Tuesday, November 18, 2014

Enron's spreadsheets

Remember Enron, the American oil company which cooked its books for several years, showing profits which didn't exist in reality, etc? Well, it transpires that as part of the court case against them, all the company's emails were sub poena'd. This material has formed the basis of a study of their spreadsheets.

I wrote seven months ago (it seems like a lifetime ago) about discovering the European Spreadsheets Risks Interest Group and being in contact with one of their number (Dr Felienne Hermans). Yesterday I was looking at her blog and read her account of discovering the 'Enron Corpus'. Apart from the blog itself, there is also a link to an academic paper which I found fascinating.

Following is data extracted from Dr Hermans' analysis with regard to formulas:

Description number
Number of spreadsheets analyzed 15,770
Number of worksheets 79,983
Number of non-empty cells 97,636,511
Average number of non-empty cells per spreadsheet 6,191
Number of formulas 20,277,835
Average of formulas per spreadsheet with formulas 2,223
Number of unique formulas 913,472
Number of unique formulas per spreadsheet with formulas 100

and with regard to functions:

Rank Function # Spreadsheets Percentage
1 SUM 6493 72.0
2 + 5571 61.8
3 - 4866 54.0
4 * 3527 39.1
5 / 3112 34.5
6 IF 1827 20.3
7 NOW 1501 16.7
8 AVERAGE 879 9.8
9 VLOOKUP 763 8.5
10 ROUND 606 6.7
11 TODAY 537 6.0
12 SUBTOTAL 385 4.3
13 MONTH 325 3.6
14 CELL 321 3.6
12 YEAR 287 3.2

In case this table isn't clear, it means that 72.0% of the spreadsheets which used functions contained the 'SUM' function. The insight that I derive from this information is that the part of my research questionnaire which deals with spreadsheet competence needs to ask about the 'SUM', 'IF', 'AVERAGE' and 'VLOOKUP' functions in order to cover the most highly used functions. I looked at the questionnaire over the weekend and there are questions about the first three; I should add a question about VLOOKUP to cover myself.
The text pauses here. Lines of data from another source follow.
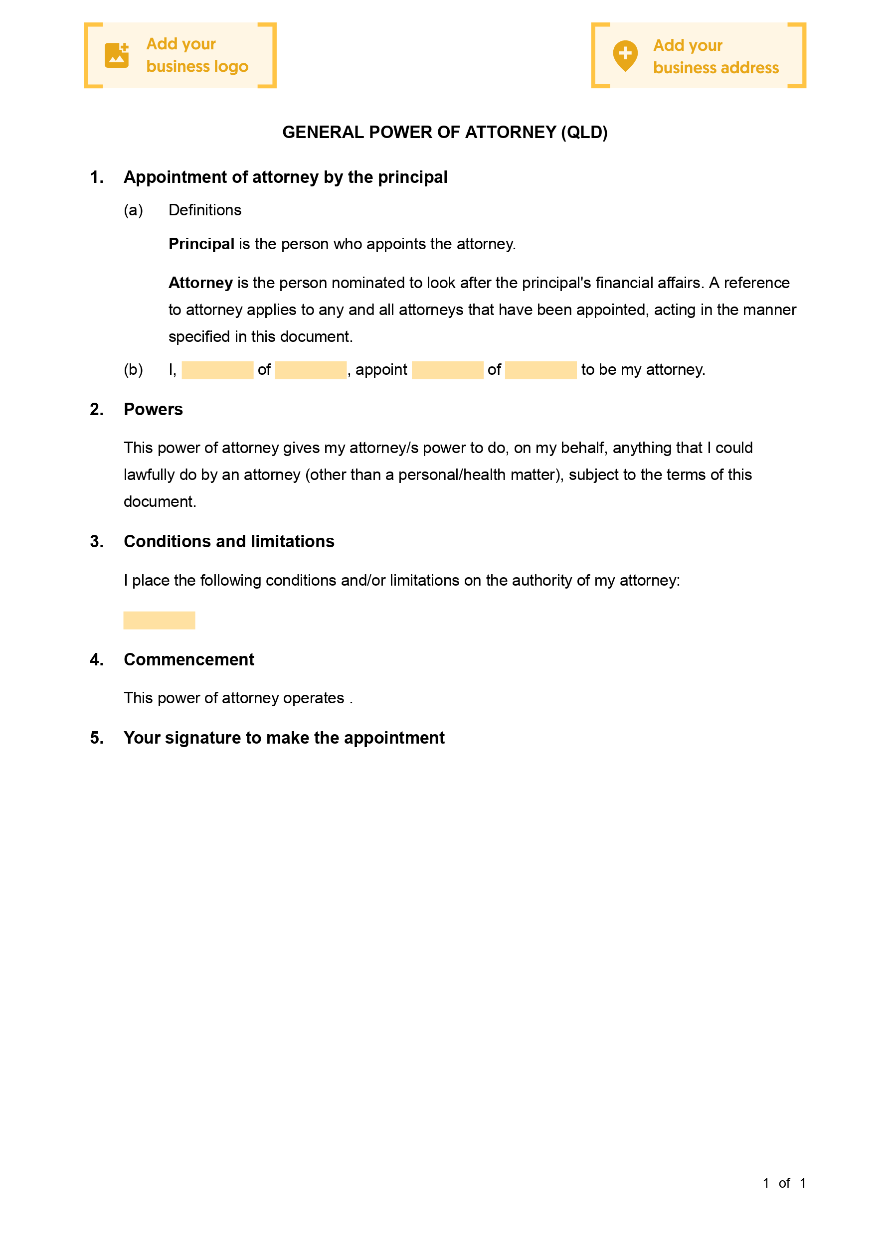 View Sample General Power of Attorney (QLD)
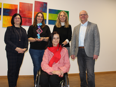 Im Bild oben von links Brigitte Schönhofer-Bohrer, Katrin Bopp mit der Auszeichnung, Liane Köppl, Michael Kugler und vorne Marion Huber-Schallner.
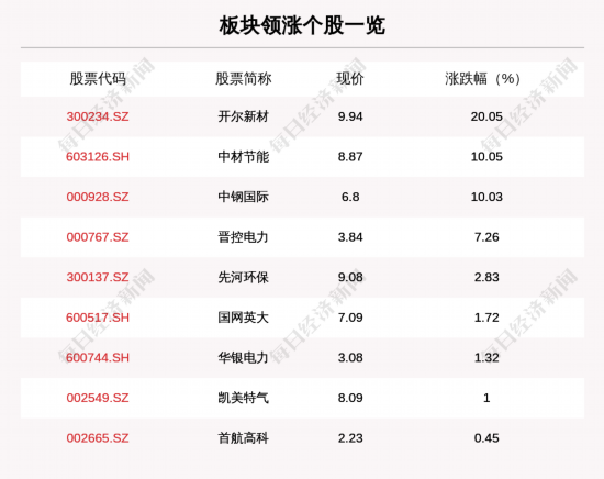 每经AI快讯,碳中和板块走强,板块内9只上涨,8只下跌,开尔新材、中材节能、中钢国际分别涨20.05%、10.05%、10.03%。
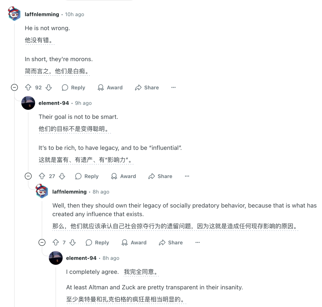 有网友表示,自己完全赞同Hinton的观点,并痛骂那些科技企业都是白痴,回复中也有网友表示认同,并特意点名奥特曼和扎克伯格。
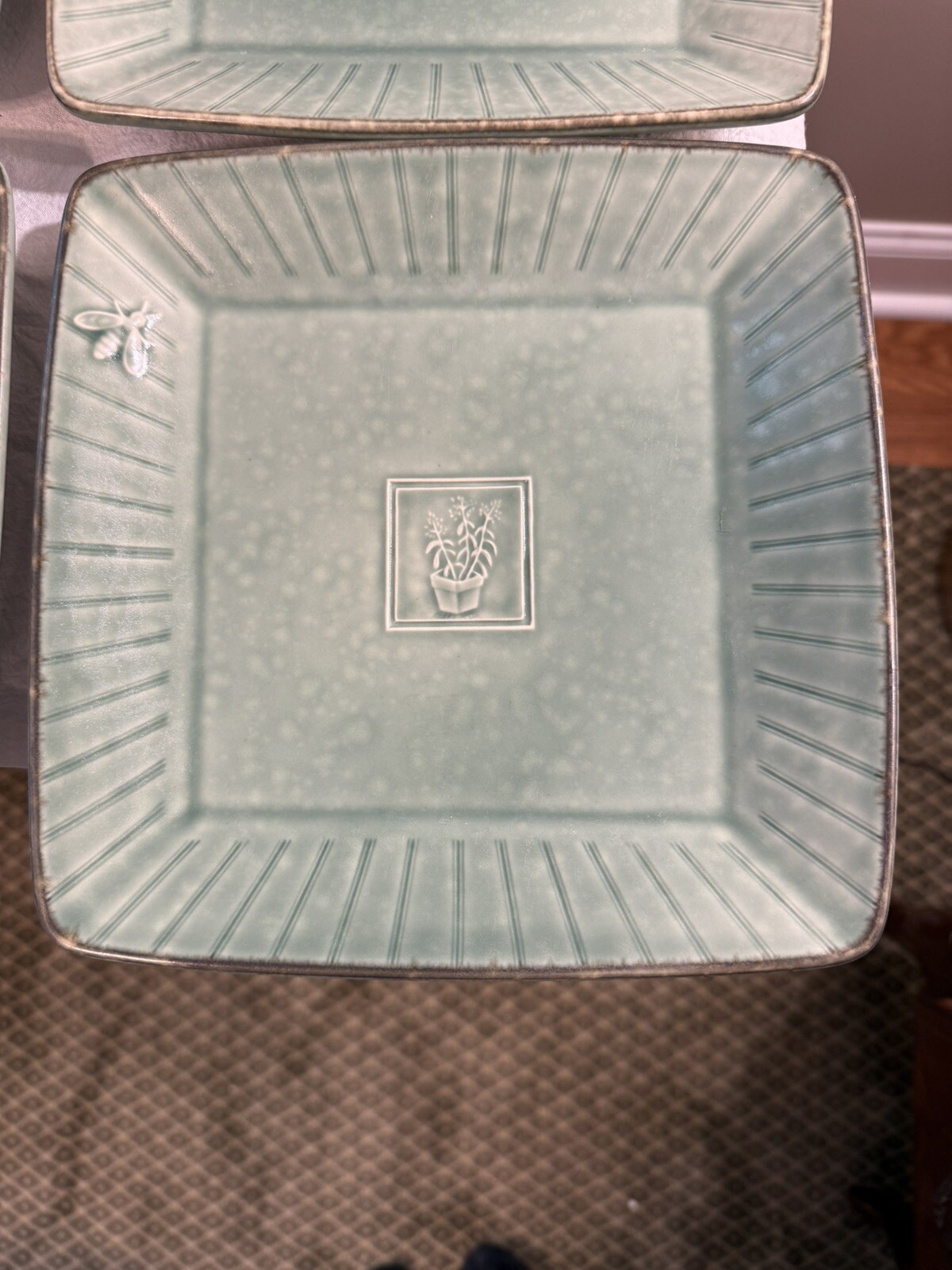 Pfaltzgraff Naturewood Serenity Green Square Plates Set of 4. I listed these as used but I have never used them but have had them for quite awhile. There are no chips or cracks. They measure approximately 8 3/4" x 1 1/8" high. These are absolutely beautiful plates. I have other pieces that I will be listing that match this set. If you have any questions please ask before bidding. Thanks.
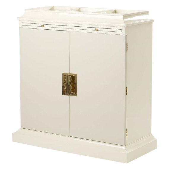 This brand new Barclay Butera Palisades bar is a study in contemporary American design. The compact and efficient frame is coated in a luxurious lacquer finish, complete with jewel-like brass hardware. Functionality has not been ignored. Designed as a bar cabinet, the Palisades Bar has two internal shelves for tall and short bottles and glasses. A matching removable mirrored tray fits snugly into the top, and a pull out shelf adds additional space for mixing your favorite cocktail. The color is ivory. Straight from a SF Showroom.
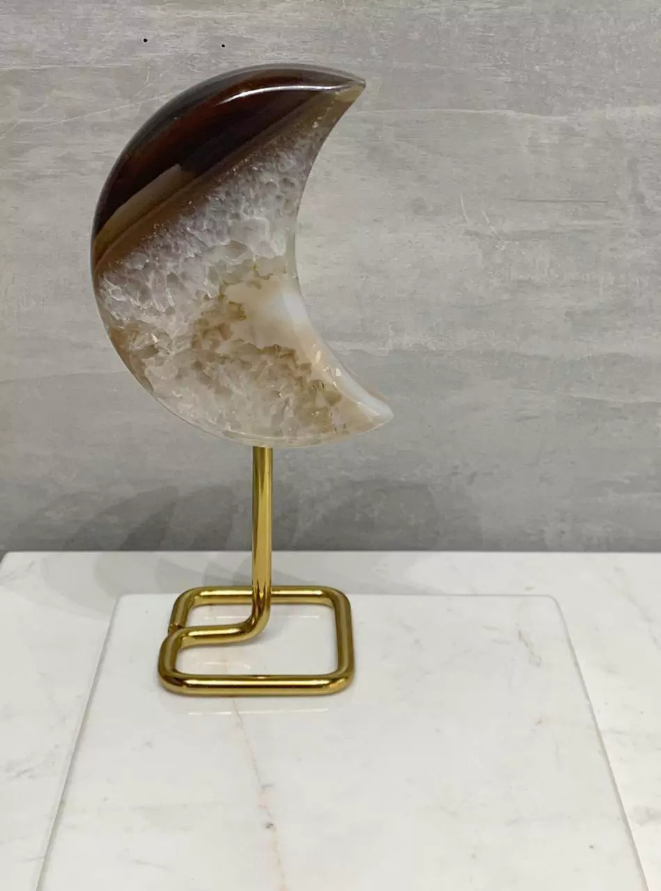 Lua Ágata natural com base metal dourada : Pedra da Energia.
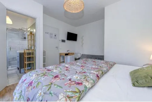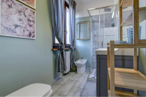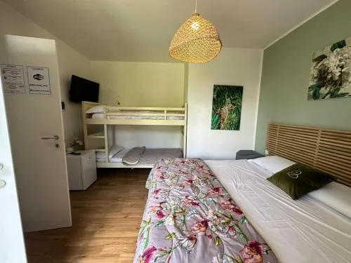 Camera familiare climatizzata dotata di TV a schermo piatto con servizi di streaming, bagno privato e terrazza vista giardino. L'alloggio dispone di 2 letti.
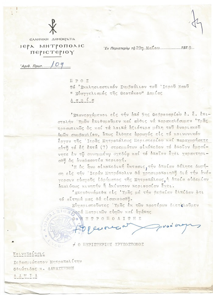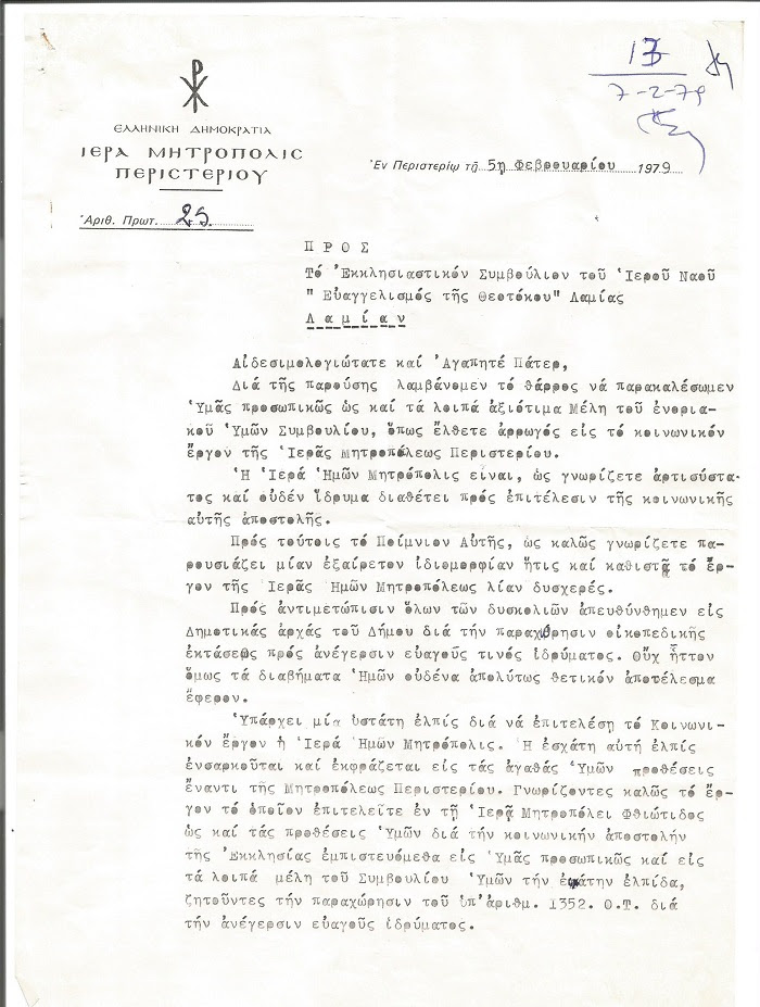 Σε τεράστια κτητορική πλάκα στο Γηροκομείο της Μητροπόλεώς σας μεταξύ άλλων γράφετε, ότι το οικόπεδο «το Ελληνικό Δημόσιον προφρόνως παρεχώρησεν». Τότε οι παρακλητικές επιστολές σας της 5ης Φεβρουαρίου 1979 και 29 Μαΐου 1979 προς το Εκκλησιαστικό Συμβούλιο του Ιερού Ναού του Ευαγγελισμού της Θεοτόκου Λαμίας για να σας παραχωρήσει 8 στρέμματα για την ανέγερση Γηροκομείου, γιατί εστάλησαν; (Σας αποστέλλουμε αντίγραφα των δύο επιστολών σας).
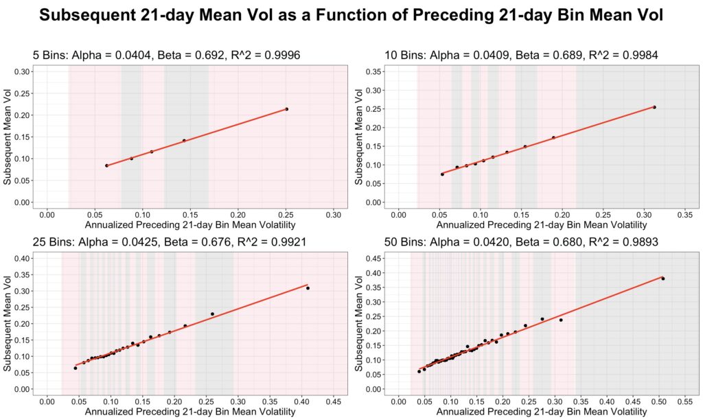 We create 5, 10, 25, and 50 bins based on 21-day volatility and show the corresponding fitted regression lines in the figure below. The relationship between mean preceding 21-day volatility and mean subsequent 21-day volatility is perfectly linear.
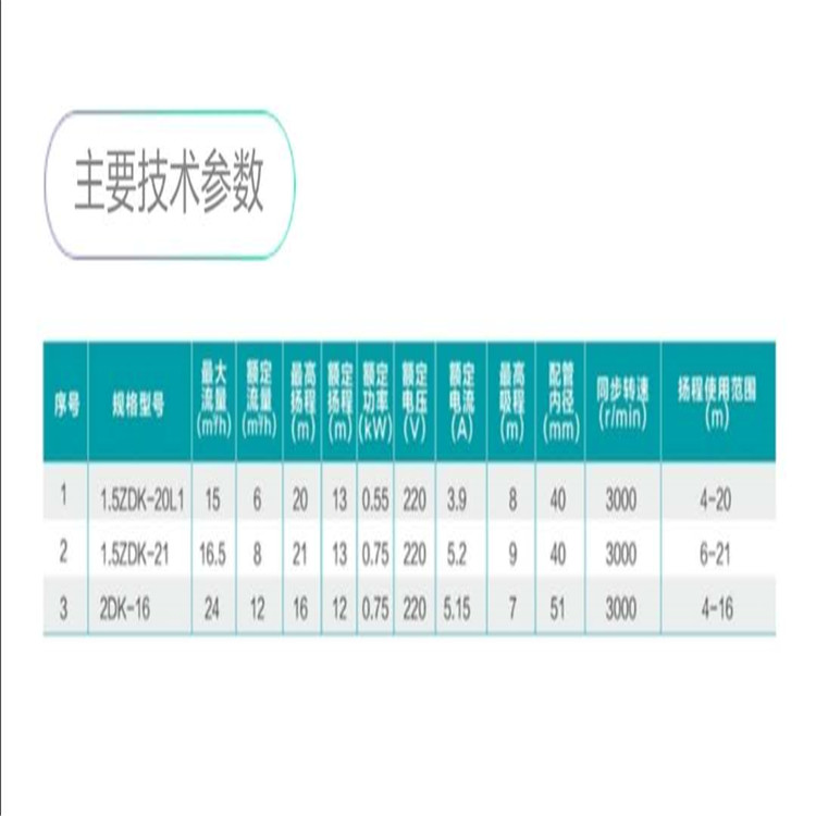 新界離心式清水電泵參數(shù)圖
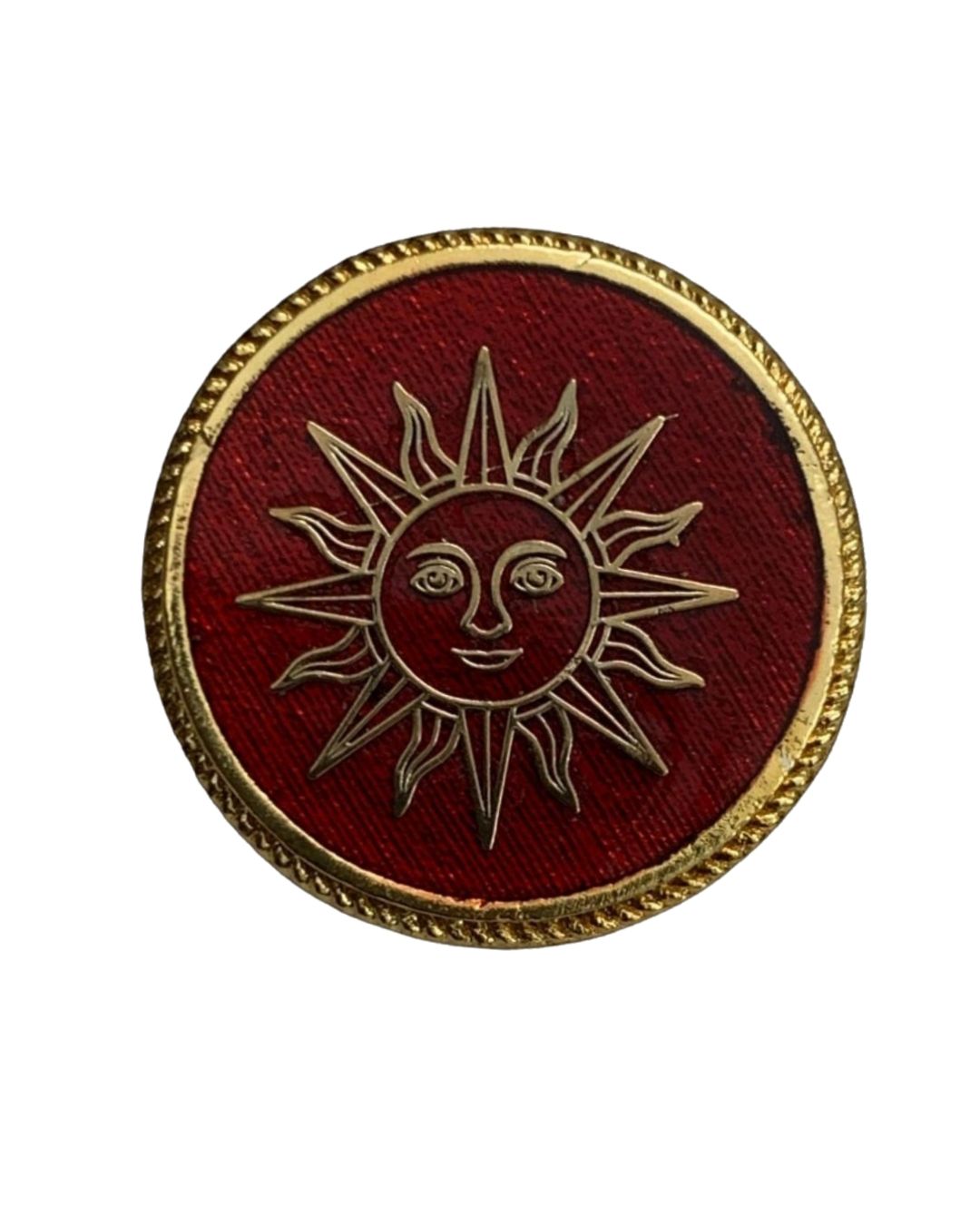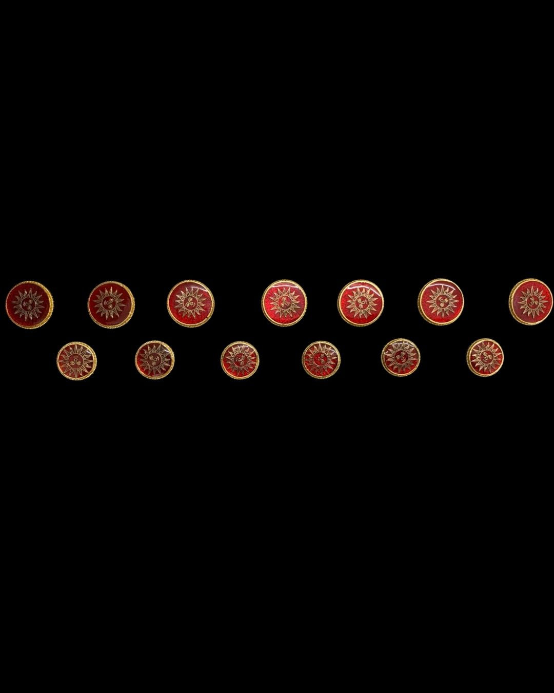 This 13-piece Bandhgala button set features a striking Surya motif, crafted in traditional Brass Tewa art. The radiant sun face, detailed in antique gold, sits boldly against a deep crimson enamel base—symbolising strength, energy, and royal lineage.
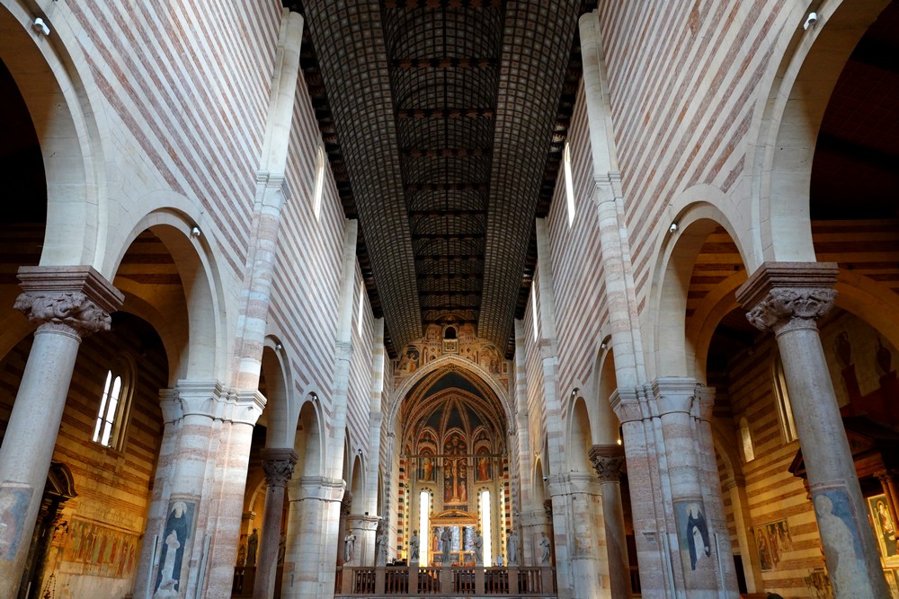 A quelque pas de là se dresse la Basilique Santa Anastasia, une des plus belles églises de la ville. Construite entre 1280 et 1400, elle est remarquable par son superbe plafond peint, ainsi que par ses nombreuses fresques murales encore dans un très bel état de conservation.
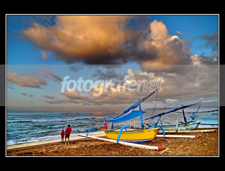 Kemarin waktu libur ke Bali timur.rnDi depan pantai Puru Bagus Villa. Pagi hari.rnOlahan warna setikit saja... Awannya asli...rnTerima kasih FN ers semua !
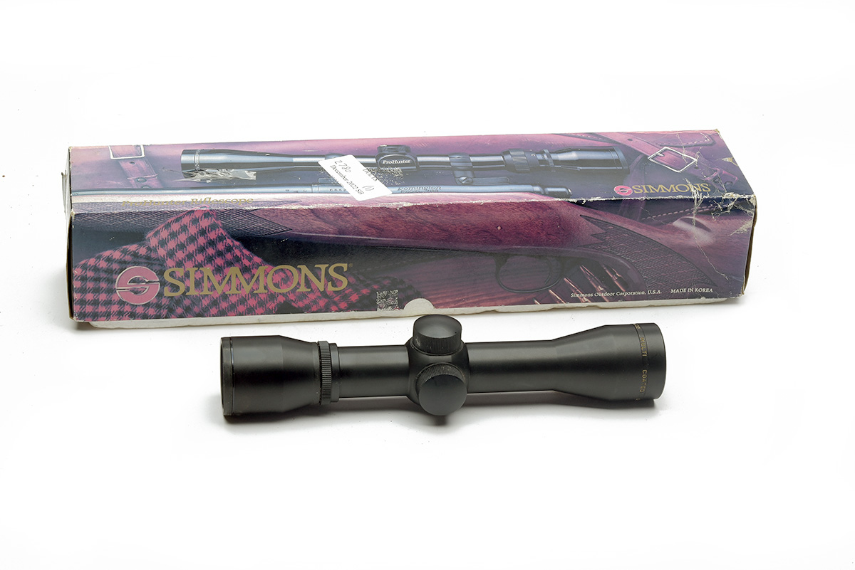 A SIMMONS SHOTGUN TELESCOPIC SCOPE, 'A new boxed and unused simmons shotgun 4x32 shotgun scope' 1
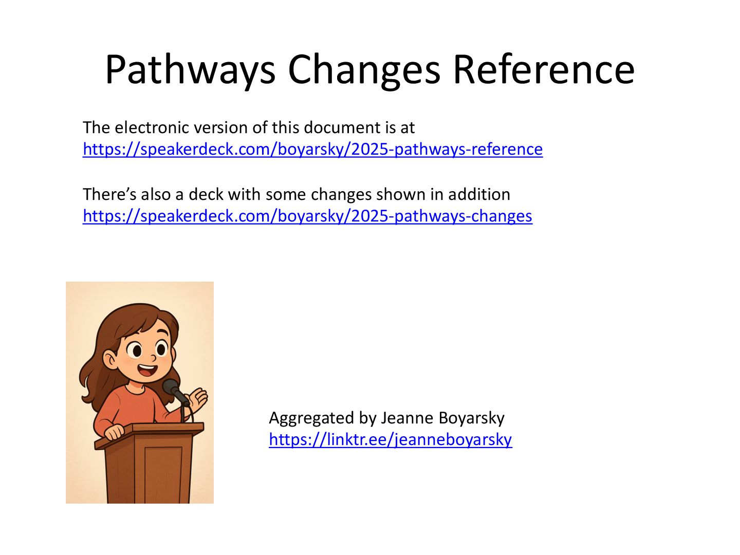 at https://speakerdeck.com/boyarsky/2025-pathways-reference There’s also a deck with some changes shown in addition https://speakerdeck.com/boyarsky/2025-pathways-changes Aggregated by Jeanne Boyarsky https://linktr.ee/jeanneboyarsky

The second insight from the analysis is that employees of Enron were sending spreadsheets back and forth, or as Dr Hermans puts it, about 100 emails with spreadsheets attached were sent each day, so we can safely conclude that emailing spreadsheets was common practice at Enron. This practice is known to result in serious problems in terms of accountability and errors, as people do not have access to the latest version of a spreadsheet, but need to be updated of changes via email. Presumably I will have to ask a question such as "How frequently do you work on spreadsheets which are passed back and forth between your colleagues?" in order to quantify this behaviour.

I also found yesterday an interesting paper on measuring cognitive style in students of accountancy; the authors note that cognitive style influences how information is acquired and utilised during problem solving whereas cognitive ability determines how well an individual performs. The authors determine on a sample of 138 accounting students that students’ cognitive ability had a higher impact on their performance than cognitive style. There is a significant interaction between students’ cognitive styles and the cognitive strategy demanded by the accounting task: students with both global and sequential styles performed better when the cognitive demands of the task matched their cognitive style. It is not clear how these findings can be extrapolated to ERP users.